Antrone “Juice” Moore wasn’t quite sure where he was.
All he knew, he was staring down on his own body on a hospital bed with friends and family gathered around.
“I had an out of body experience where I was lifted and I saw the priest and my mother, the mother of my child and her mother and a couple of other people,” Moore said. “And they were praying. I still didn’t understand because at one point I was working out and the next point they were praying over me.”
Moore had just stepped off the treadmill at the Kennebec Valley YMCA in Augusta late in the morning of Sept. 26 when he felt a little dizzy.
“I said ‘I can’t walk,’ ” he recalled. “I didn’t know what was going on, it happened so fast. I was about to run noon ball.”

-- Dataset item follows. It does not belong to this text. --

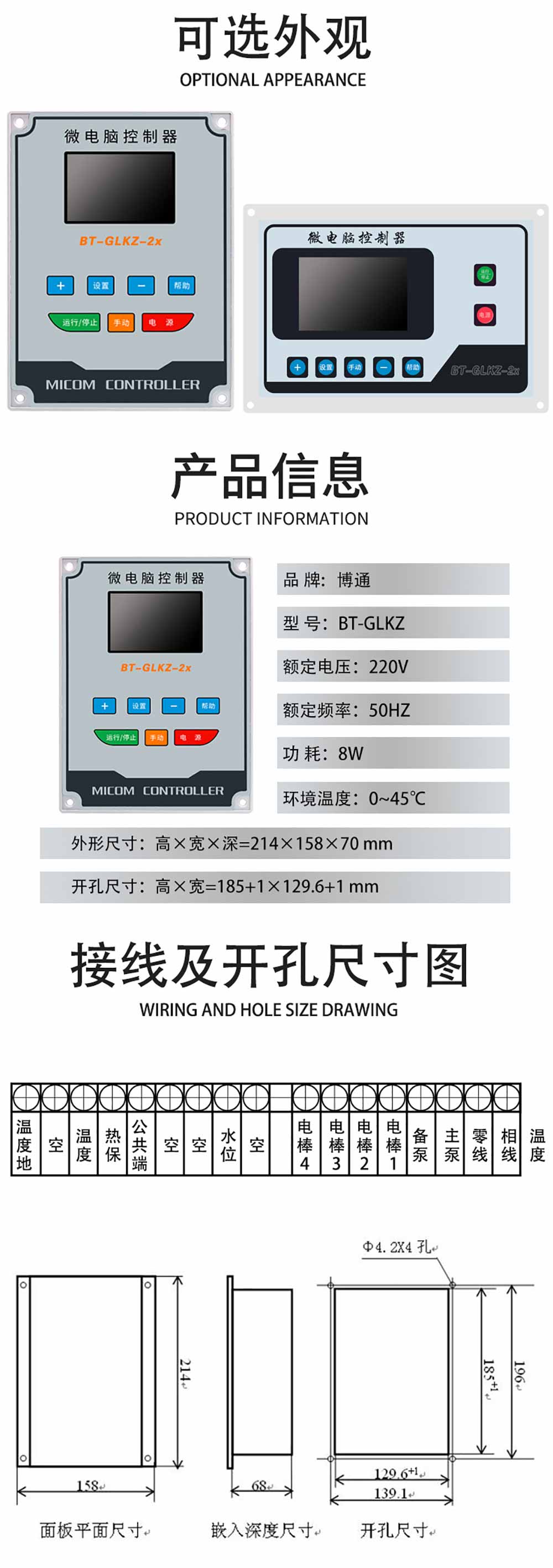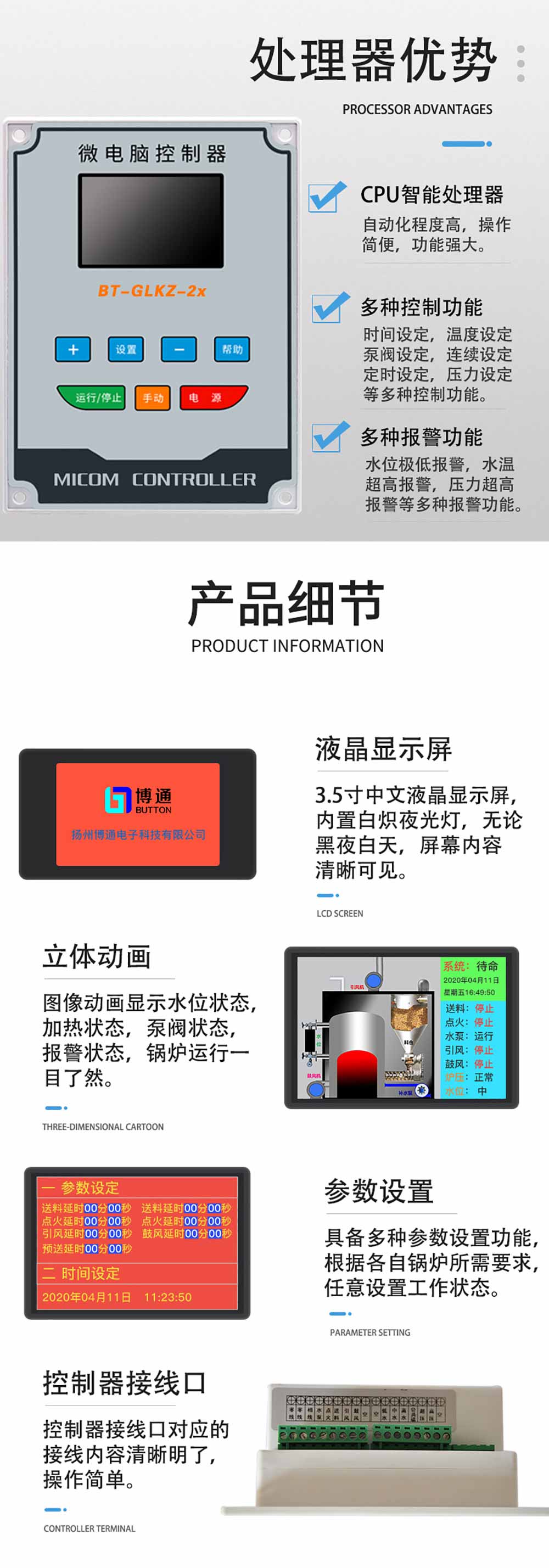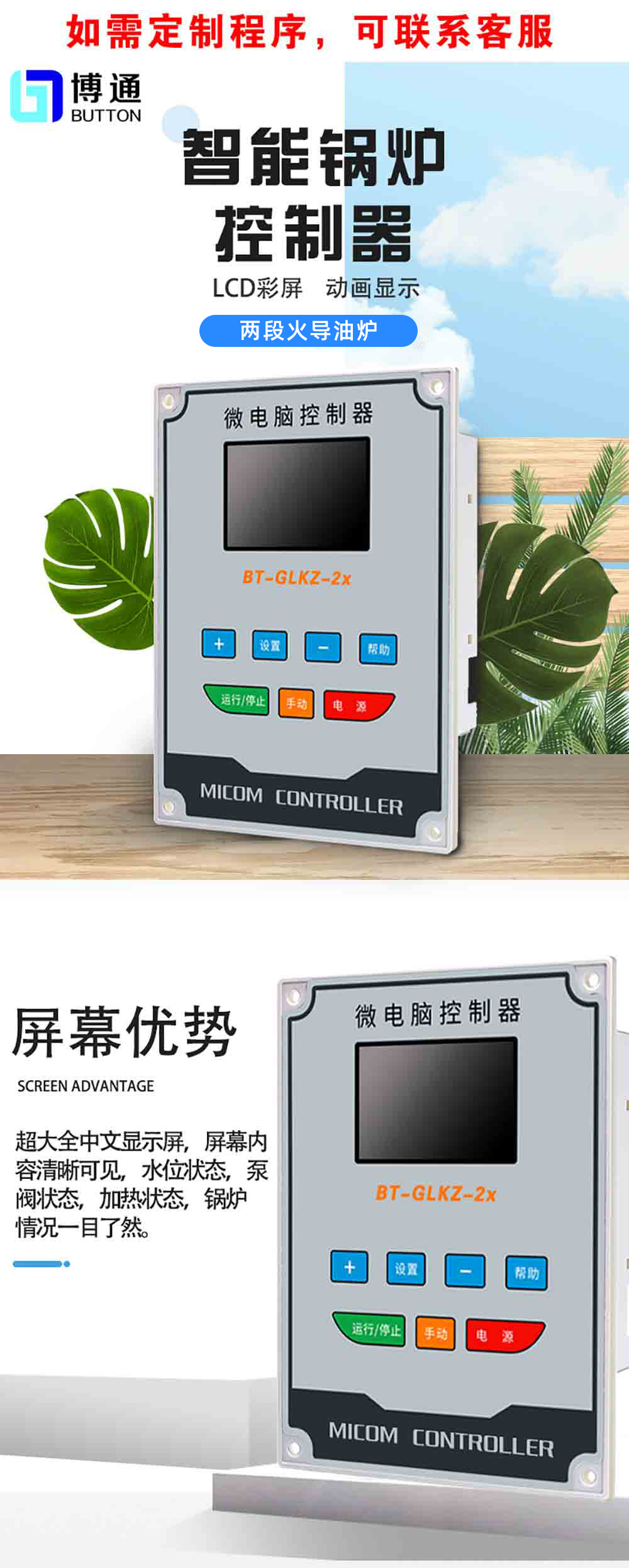 商品名称:3.5寸LCD屏竖版两段火导油炉锅炉控制器
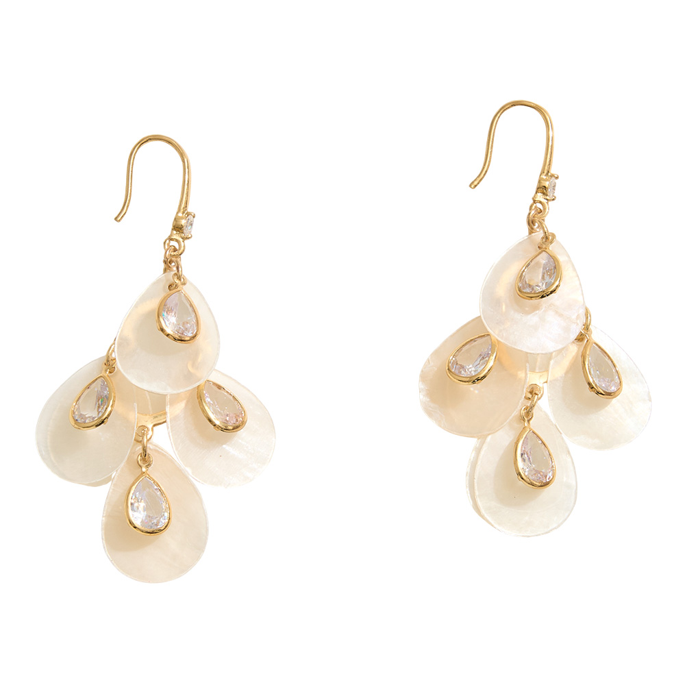 Details • Size : 1.2" X 2.5" • Fish Hook Back • These teardrop shell chandelier earrings dazzle with layered drops adorned by sparkling crystal accents. Light-catching and elegant, they bring a touch of beachy sophistication to evening looks, resort wear, or any outfit needing a statement piece with natural charm. • Brass • CZ Cubic Zirconia • Gold Dipped • Hypoallergenic • Lead and Nickel Compliant • Made In Korea

Moore never kept the date with his noontime basketball buddies. At age 36, he had suffered a stroke, and later that day was given a 50/50 chance of making it while lying on a bed at Maine Medical Center in Portland. He temporarily lost his vision after a blood vessel ruptured on the left side of his brain, but he could still hear.
The doctor said “ ‘take his daughter out of school, this may be it,’ ” he said.
Moore survived, despite laying in a coma for three weeks. He’s since undergone physical therapy in an effort to regain the use of his left side, has regained his speech and can get around on a limited basis.
Moore made a splash in the area 11 years ago when he played basketball for the University of Maine at Augusta, leading the team to one of its most successful seasons ever. The Moose finished 25-7 that season and placed fourth in the United State Collegiate Athletic Association’s national tournament. “Juice,” as he’s known to fans and friends, led the USCAA in scoring and was named to its Division II all-America team.
Over the past 10 years, the 6-foot-3 guard played for professional basketball teams from Mexico to Canada, hooking up with clubs like the New Jersey Squires, Lake County Lakers, Mexico Admirals, Windy City Monarchs and Harlem Ambassadors. He played for the University of Maine at Presque Isle for a couple of seasons before transferring to UMA, along with several of his fellow Chicagoans.
He returned to Augusta last summer “because I wanted to be a part of my daughter’s life. Also I wanted to have a basketball team here. I wanted to make a difference.”
Moore had set up a basketball clinic with the Augusta Rec Department for early October but that was derailed when he had his stroke. He also had plans for an AAU team and was seeking sponsors. He coached a team called Kings Elite in Fort Worth, Texas, and has connections in Chicago.
Moore is a big believer in conditioning and often showed the sort of shape he was in by beating players down the court outdoors at Williams in Augusta or at the YMCA. The name he selected for his team was The Juice Express and as it implies he wants his players to get up and down the court quickly.
“I’m going to bring the inner city game up here,” he said last fall. “A lot of people won’t agree with me, but the game has changed.”
Moore would also like to hold a Pro-Am tournament in central Maine and do it “Chicago style” with a DJ, a commentator and a halftime show.
“I think if you bring a different flavor to Maine it will work,” he said.
Moore’s plans are on hold, but not for long. He’s meeting with the Augusta Rec Department next week and hopes to begin coaching youngsters this season. He’s also working on getting his mobility back and vows to get back on the basketball court some day.
Life wasn’t easy for Moore who grew up in the same South Side Chicago neighborhood as former Celtic Antoine Walker. He was raised primarily by his grandmother although both parents are now in his life.
“When she was alive I didn’t get into any trouble,” Moore said. “She was my angel. I didn’t give up. A lot of my friends are dead or in jail.”
High blood pressure led to Moore’s stroke and it runs in his family. He’s already been turned down for Medicare and Social Security disability, he believes because of his age, but remains determined and remarkably upbeat considering his circumstances. He’s living with church members who took him after his stroke and is determined to come all the way back and contribute.
“I haven’t had a bad life at all,” he said. “That’s why I want to give back to these kids.”